Meta Raises Capital Expenditure Outlook
Meta Platforms has increased its full-year capital expenditure guidance, citing expectations of higher component costs and additional investments required to expand its data center infrastructure.
Stock Drops After Hours
Following the announcement, Meta’s Class A shares declined 5.3% in after-hours trading, as investors reacted to the higher spending outlook.
Higher Spending Driven by AI Expansion
The Menlo Park-based tech giant now expects 2026 capital expenditures to range between $125 billion and $145 billion. This marks a notable increase from its previous forecast of $115 billion to $135 billion and comes slightly above the Wall Street consensus estimate of $125.26 billion.
Meta continues to aggressively invest in artificial intelligence, allocating billions toward data centers and infrastructure to support its long-term AI ambitions.
Supply Constraints Add Pressure
Part of the increased spending forecast reflects rising component prices. Reports indicate that Meta has extended the lifespan of some data center servers due to a significant supply shortage, particularly involving memory chips.
Revenue and Expense Outlook
Meta expects full-year expenses to range between $162 billion and $169 billion, broadly in line with analyst expectations. For the second quarter of 2026, the company projects revenue between $58 billion and $61 billion, with the midpoint slightly below market estimates.
AI Spending Under Scrutiny
Meta’s results arrive during a period of heightened scrutiny around AI-related investments. Concerns have recently intensified following reports that OpenAI may have missed internal targets for user growth and revenue, raising broader questions about returns on massive AI spending.

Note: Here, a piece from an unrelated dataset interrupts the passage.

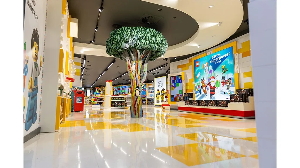 Modelul Rainbow Gum Tree a fost construit folosind 183 394 de cărămizi și în 1 271 de ore. Acest model se extinde de la nivelul inferior al clădirii până la al doilea etaj și prezintă fiecare animal nativ australian.În noul magazin se pot găsi numeroase funcții interactive. Masa povestitorilor permite fanilor să obțină o privire în culisele procesului de design LEGO, vizionând interviuri și videoclipuri pe ecrane. Peretele de selecție și construcție încurajează vizitatorii să aleagă piesele LEGO exacte necesare pentru construcțiile personalizate. În fiecare lună vor fi provocări gratuite de construcție LEGO și evenimente în magazin. În plus, Experții în cărămizi pot ajuta vizitatorii să găsească setul LEGO perfect pentru ei.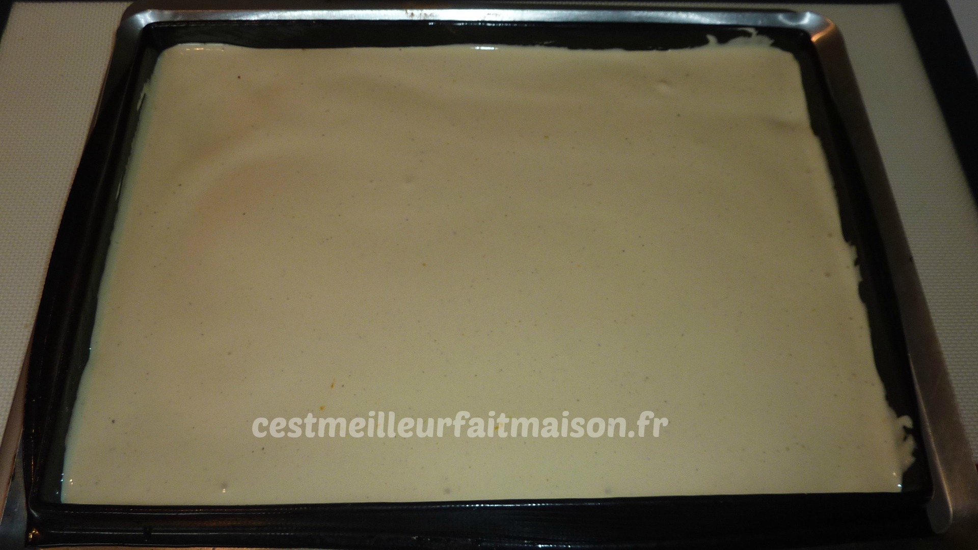 Verser dans le moule Flexipan plat et enfourner à 200°C pendant 8 min.

Industry-wide, capital expenditures from hyperscalers like Meta are expected to surpass $700 billion this year, increasing pressure on companies to justify these investments.
Strong Earnings Performance
Despite concerns around spending, Meta delivered strong financial results for the first quarter of 2026. The company reported earnings per share of $10.44 on revenue of $56.31 billion, significantly exceeding analyst expectations of $6.65 per share on $55.52 billion in revenue.
CEO Mark Zuckerberg highlighted the company’s progress, noting strong momentum across its platforms and advancements in AI development, including new models from Meta Superintelligence Labs.
User Growth and Platform Performance
Meta’s family of apps, including Facebook, Instagram, and WhatsApp, reached an average of 3.56 billion daily users in March, representing a 4% year-over-year increase. However, usage declined slightly on a quarterly basis due to regional disruptions and access restrictions in certain markets.
Regulatory Risks Remain
The company also flagged ongoing legal and regulatory challenges, particularly in the United States and the European Union. Meta noted increasing scrutiny around youth-related issues and upcoming trials that could potentially impact its financial performance.